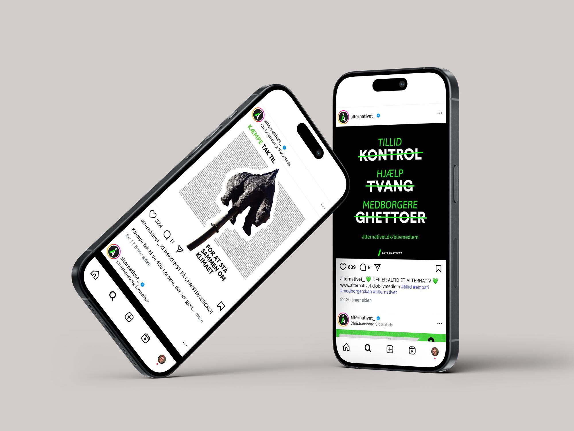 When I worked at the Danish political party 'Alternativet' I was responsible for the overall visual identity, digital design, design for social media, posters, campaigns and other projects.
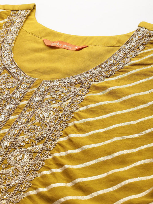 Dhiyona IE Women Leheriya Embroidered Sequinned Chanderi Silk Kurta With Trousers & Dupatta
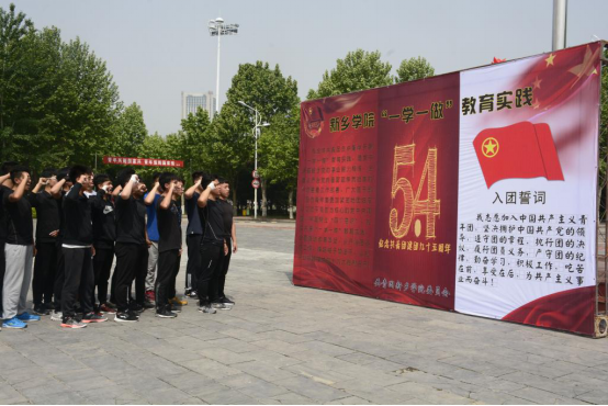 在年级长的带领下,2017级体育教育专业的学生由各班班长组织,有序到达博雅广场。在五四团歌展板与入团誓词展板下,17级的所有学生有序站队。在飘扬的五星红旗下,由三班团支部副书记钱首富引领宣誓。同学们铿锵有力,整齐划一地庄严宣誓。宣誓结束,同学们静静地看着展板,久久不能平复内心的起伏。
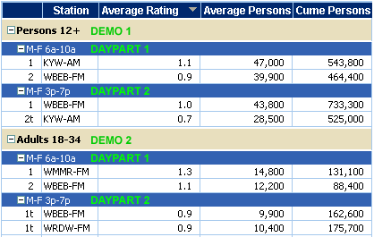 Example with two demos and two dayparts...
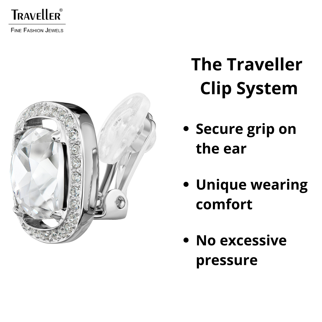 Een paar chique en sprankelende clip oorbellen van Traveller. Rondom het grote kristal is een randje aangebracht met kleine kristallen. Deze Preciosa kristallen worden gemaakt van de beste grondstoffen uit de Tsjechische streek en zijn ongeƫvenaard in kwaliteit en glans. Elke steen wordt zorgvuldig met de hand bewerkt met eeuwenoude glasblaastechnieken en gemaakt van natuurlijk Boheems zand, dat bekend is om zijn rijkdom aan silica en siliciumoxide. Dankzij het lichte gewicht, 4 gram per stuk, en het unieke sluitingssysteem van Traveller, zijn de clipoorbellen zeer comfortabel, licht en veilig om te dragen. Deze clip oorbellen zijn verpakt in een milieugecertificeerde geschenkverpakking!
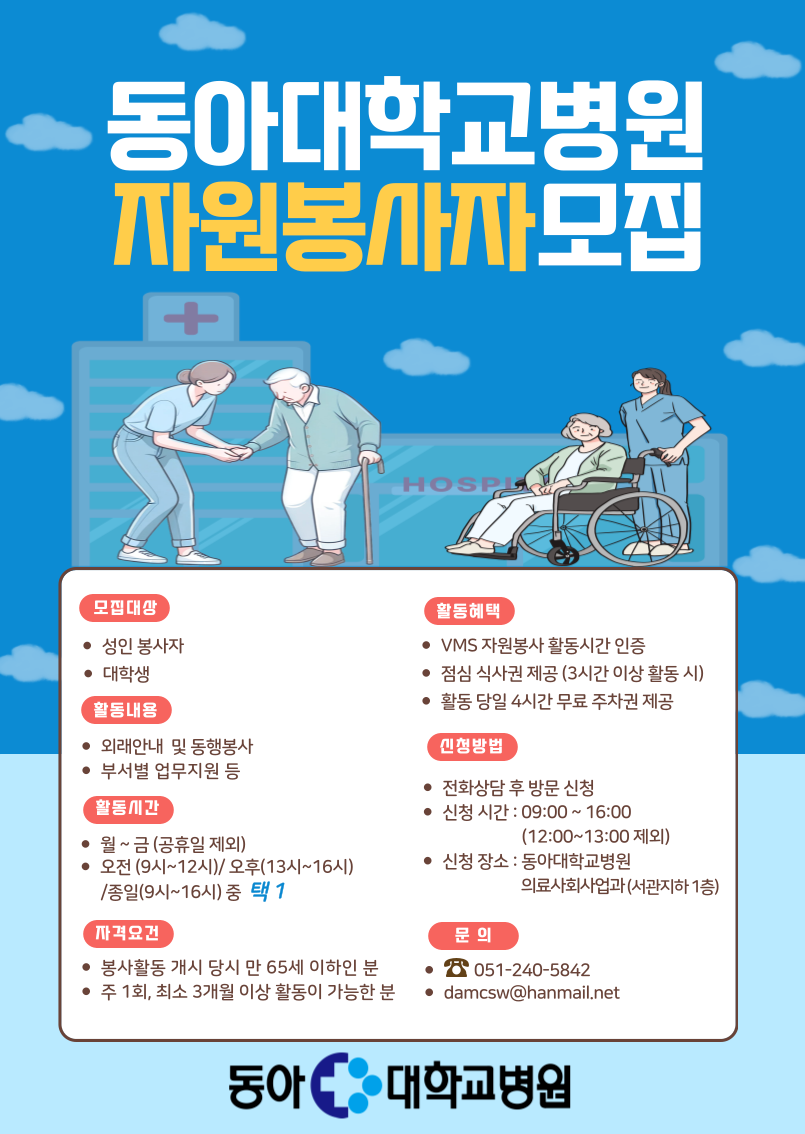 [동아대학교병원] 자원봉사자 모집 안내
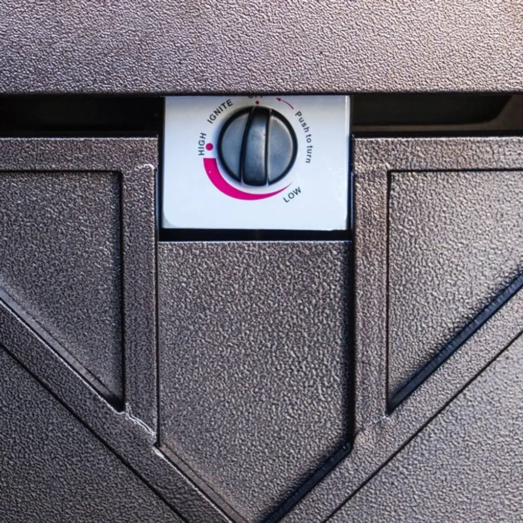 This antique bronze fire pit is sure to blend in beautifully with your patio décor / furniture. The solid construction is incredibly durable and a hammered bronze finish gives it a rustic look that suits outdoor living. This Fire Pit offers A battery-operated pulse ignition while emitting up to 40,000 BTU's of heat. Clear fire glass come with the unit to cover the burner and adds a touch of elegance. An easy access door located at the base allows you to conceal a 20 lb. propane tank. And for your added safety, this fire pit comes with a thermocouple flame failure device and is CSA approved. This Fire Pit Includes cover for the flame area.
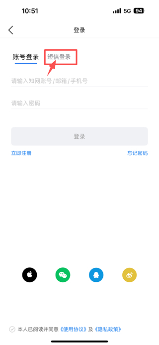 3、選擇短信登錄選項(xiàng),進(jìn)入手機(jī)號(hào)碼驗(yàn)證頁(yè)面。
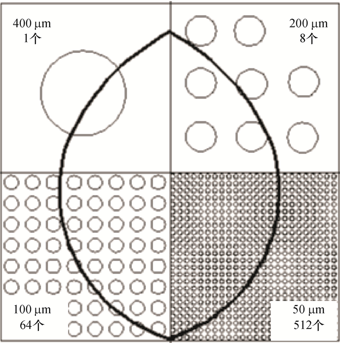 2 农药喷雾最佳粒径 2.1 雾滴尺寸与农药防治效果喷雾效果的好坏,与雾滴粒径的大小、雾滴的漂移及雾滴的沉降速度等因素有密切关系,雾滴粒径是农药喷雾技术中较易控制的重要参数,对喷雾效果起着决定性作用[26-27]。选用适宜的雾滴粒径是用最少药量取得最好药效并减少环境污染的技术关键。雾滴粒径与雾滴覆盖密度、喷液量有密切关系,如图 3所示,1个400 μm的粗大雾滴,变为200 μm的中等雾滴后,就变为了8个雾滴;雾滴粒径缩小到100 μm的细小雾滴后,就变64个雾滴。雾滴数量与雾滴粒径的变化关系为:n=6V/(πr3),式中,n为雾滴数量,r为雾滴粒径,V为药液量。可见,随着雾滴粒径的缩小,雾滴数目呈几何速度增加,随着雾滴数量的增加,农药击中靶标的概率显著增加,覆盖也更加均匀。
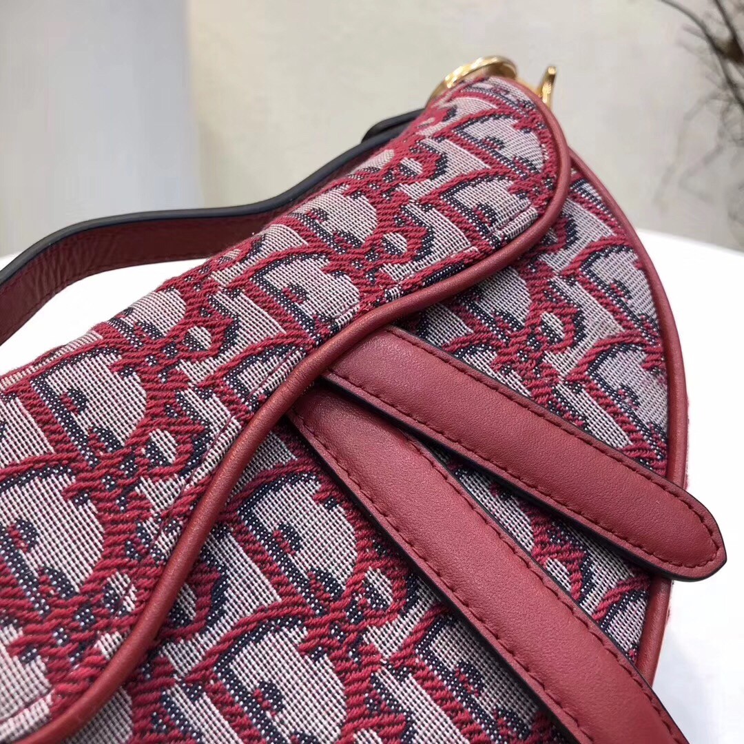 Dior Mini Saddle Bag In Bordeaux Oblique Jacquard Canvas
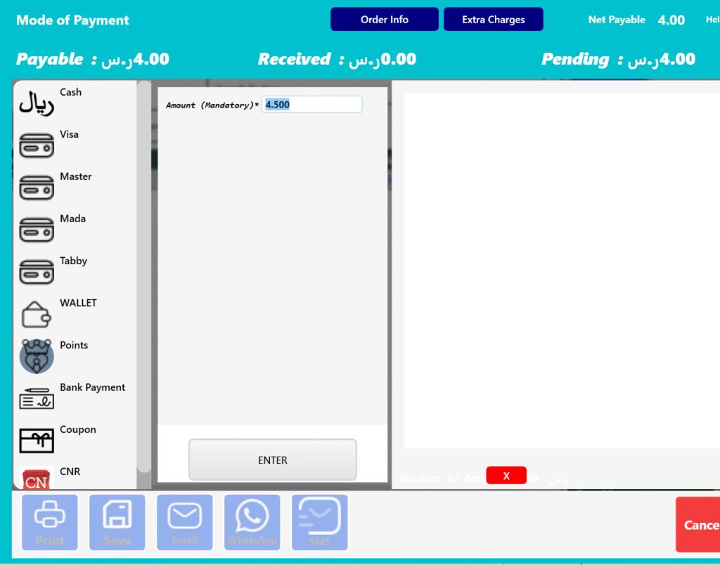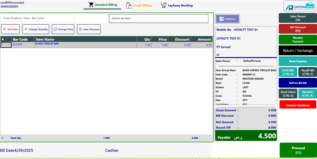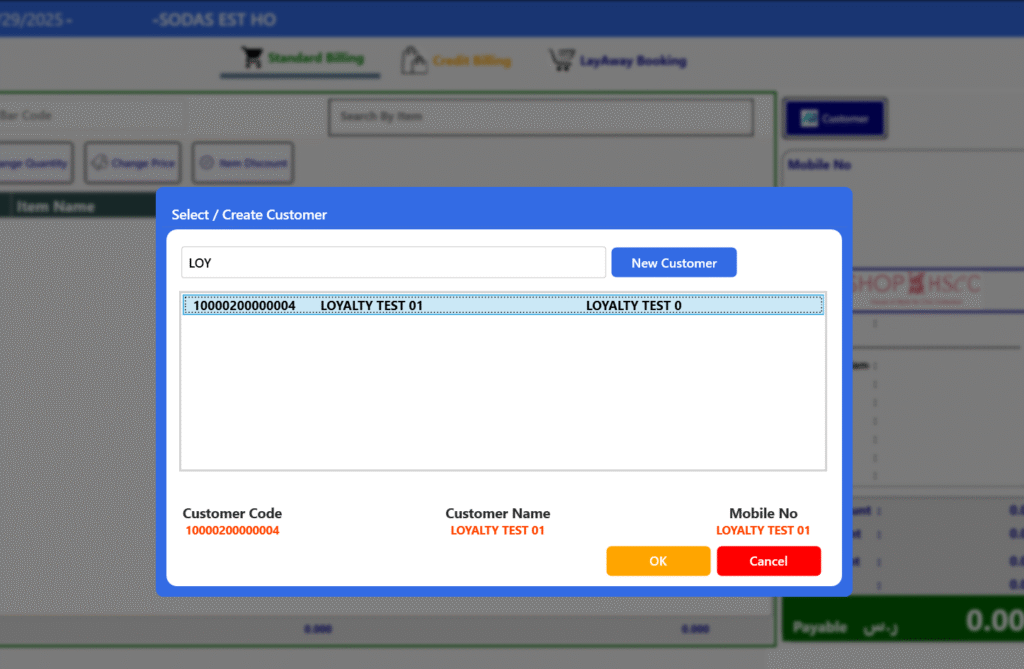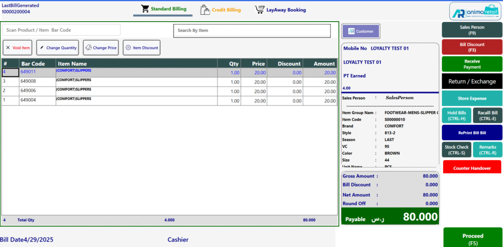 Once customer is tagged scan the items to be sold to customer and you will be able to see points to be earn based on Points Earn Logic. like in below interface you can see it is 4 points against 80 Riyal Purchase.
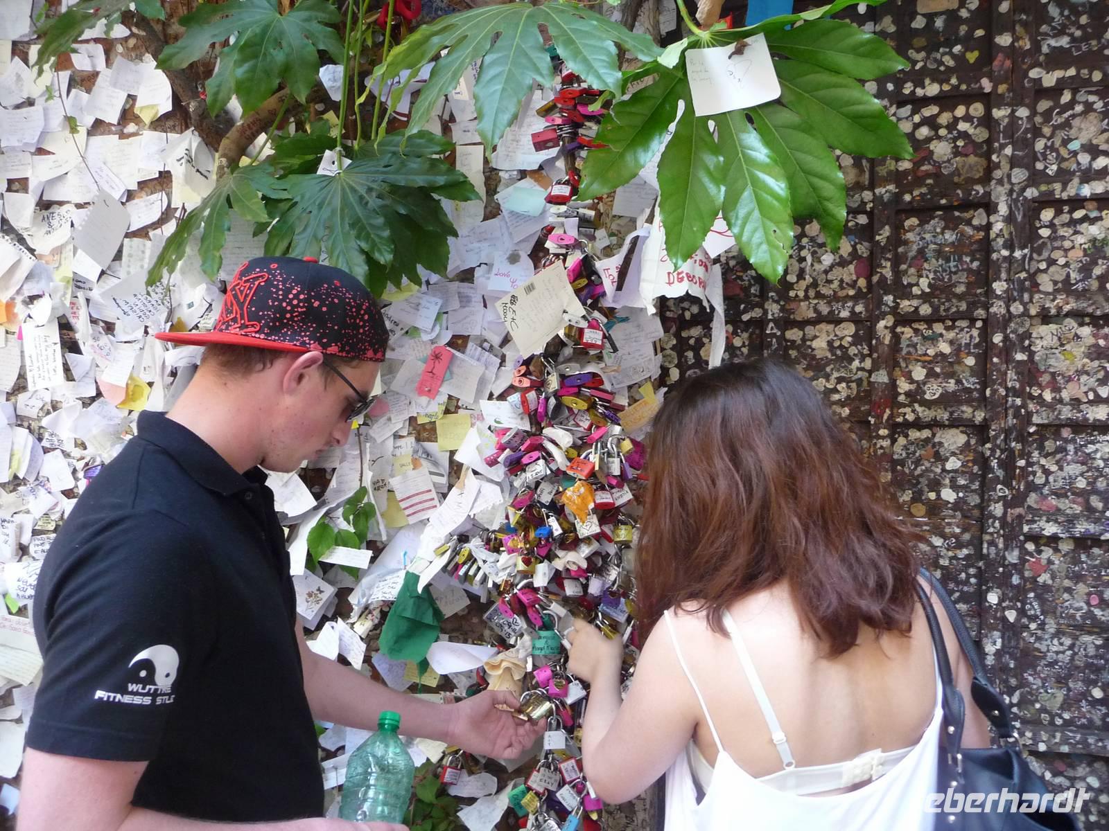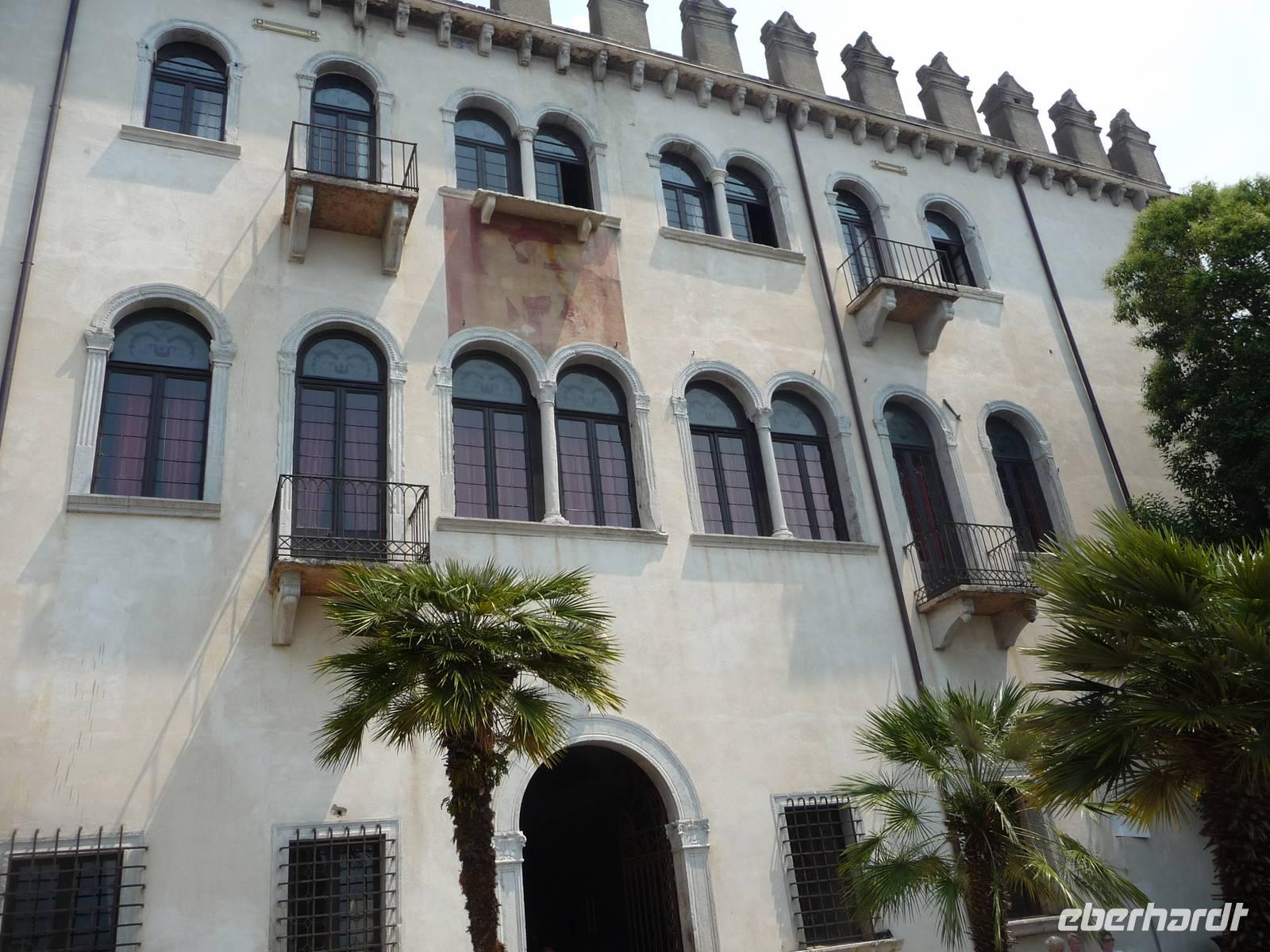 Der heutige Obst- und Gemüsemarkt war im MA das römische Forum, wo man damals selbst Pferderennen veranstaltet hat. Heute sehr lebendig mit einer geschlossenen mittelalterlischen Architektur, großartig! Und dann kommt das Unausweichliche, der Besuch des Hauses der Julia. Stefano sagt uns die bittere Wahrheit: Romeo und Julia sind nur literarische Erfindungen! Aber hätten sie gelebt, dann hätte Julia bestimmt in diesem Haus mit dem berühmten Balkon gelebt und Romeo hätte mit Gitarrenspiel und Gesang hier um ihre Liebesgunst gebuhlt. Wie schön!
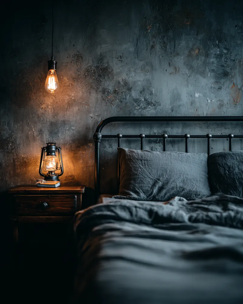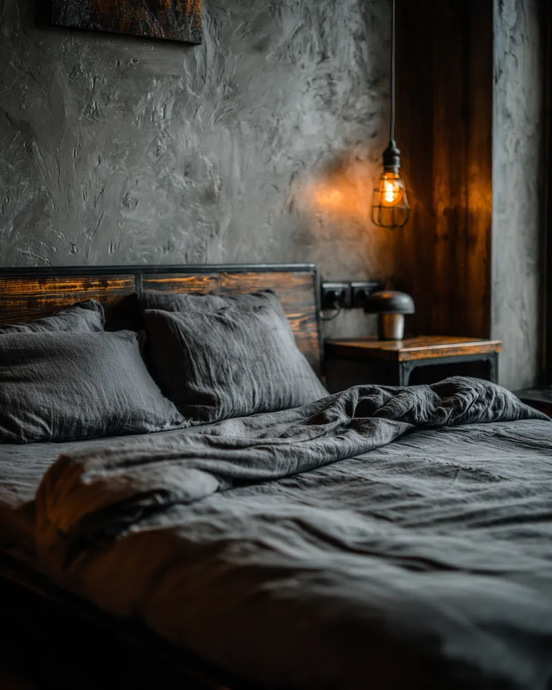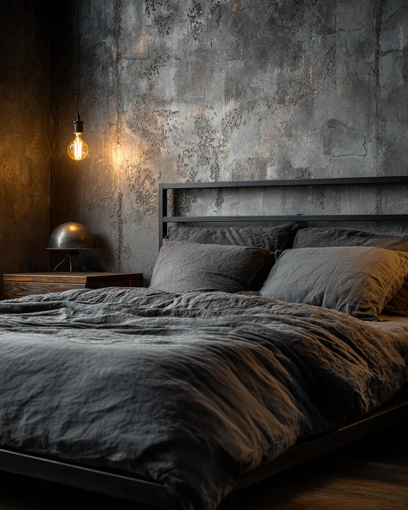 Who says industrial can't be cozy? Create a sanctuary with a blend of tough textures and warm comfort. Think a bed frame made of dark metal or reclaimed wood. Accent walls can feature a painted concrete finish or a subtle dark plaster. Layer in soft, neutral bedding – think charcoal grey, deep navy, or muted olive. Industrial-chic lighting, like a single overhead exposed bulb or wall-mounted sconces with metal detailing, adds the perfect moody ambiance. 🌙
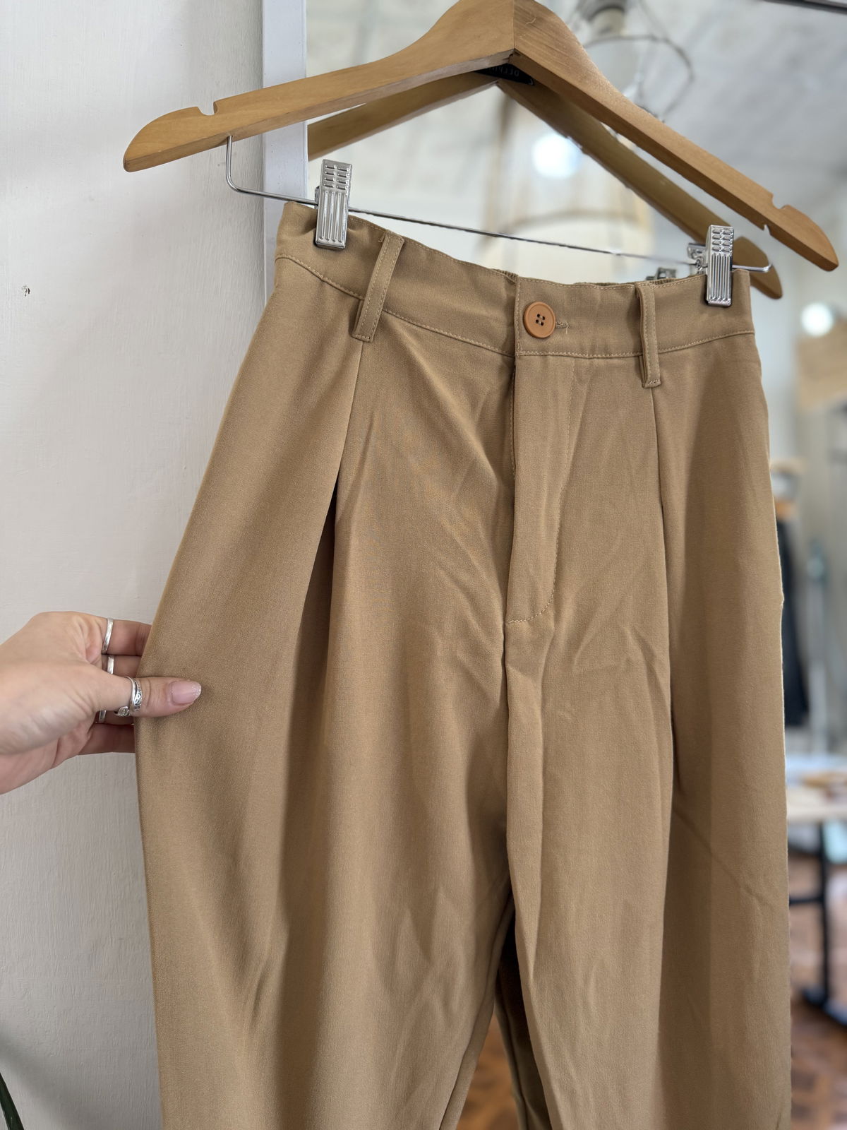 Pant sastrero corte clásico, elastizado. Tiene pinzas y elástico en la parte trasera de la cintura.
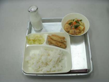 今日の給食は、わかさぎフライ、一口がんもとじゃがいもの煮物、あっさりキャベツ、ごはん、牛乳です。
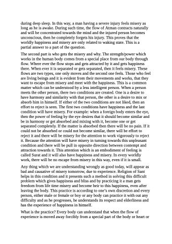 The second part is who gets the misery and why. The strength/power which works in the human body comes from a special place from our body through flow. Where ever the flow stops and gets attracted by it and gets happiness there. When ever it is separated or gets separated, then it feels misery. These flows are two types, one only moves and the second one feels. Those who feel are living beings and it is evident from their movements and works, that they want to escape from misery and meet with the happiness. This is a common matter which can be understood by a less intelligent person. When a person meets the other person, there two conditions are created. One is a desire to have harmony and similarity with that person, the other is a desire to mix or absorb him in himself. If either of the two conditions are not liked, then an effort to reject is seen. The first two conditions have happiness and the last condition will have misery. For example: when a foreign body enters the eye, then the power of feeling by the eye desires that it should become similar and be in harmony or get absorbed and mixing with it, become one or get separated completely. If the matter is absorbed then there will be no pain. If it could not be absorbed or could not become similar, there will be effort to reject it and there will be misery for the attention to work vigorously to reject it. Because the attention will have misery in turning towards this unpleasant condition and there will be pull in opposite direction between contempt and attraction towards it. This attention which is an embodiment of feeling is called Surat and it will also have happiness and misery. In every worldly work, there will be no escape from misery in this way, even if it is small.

- [DIRECTIONS]:
Your copy should hold only the lines above from the one containing "Example with two demos and two dayparts..." through the one containing "[동아대학교병원] 자원봉사자 모집 안내", exactly as written and free of pictures.

- [OUTPUT OF THE TASK]:
 Example with two demos and two dayparts...
 Een paar chique en sprankelende clip oorbellen van Traveller. Rondom het grote kristal is een randje aangebracht met kleine kristallen. Deze Preciosa kristallen worden gemaakt van de beste grondstoffen uit de Tsjechische streek en zijn ongeƫvenaard in kwaliteit en glans. Elke steen wordt zorgvuldig met de hand bewerkt met eeuwenoude glasblaastechnieken en gemaakt van natuurlijk Boheems zand, dat bekend is om zijn rijkdom aan silica en siliciumoxide. Dankzij het lichte gewicht, 4 gram per stuk, en het unieke sluitingssysteem van Traveller, zijn de clipoorbellen zeer comfortabel, licht en veilig om te dragen. Deze clip oorbellen zijn verpakt in een milieugecertificeerde geschenkverpakking!
 [동아대학교병원] 자원봉사자 모집 안내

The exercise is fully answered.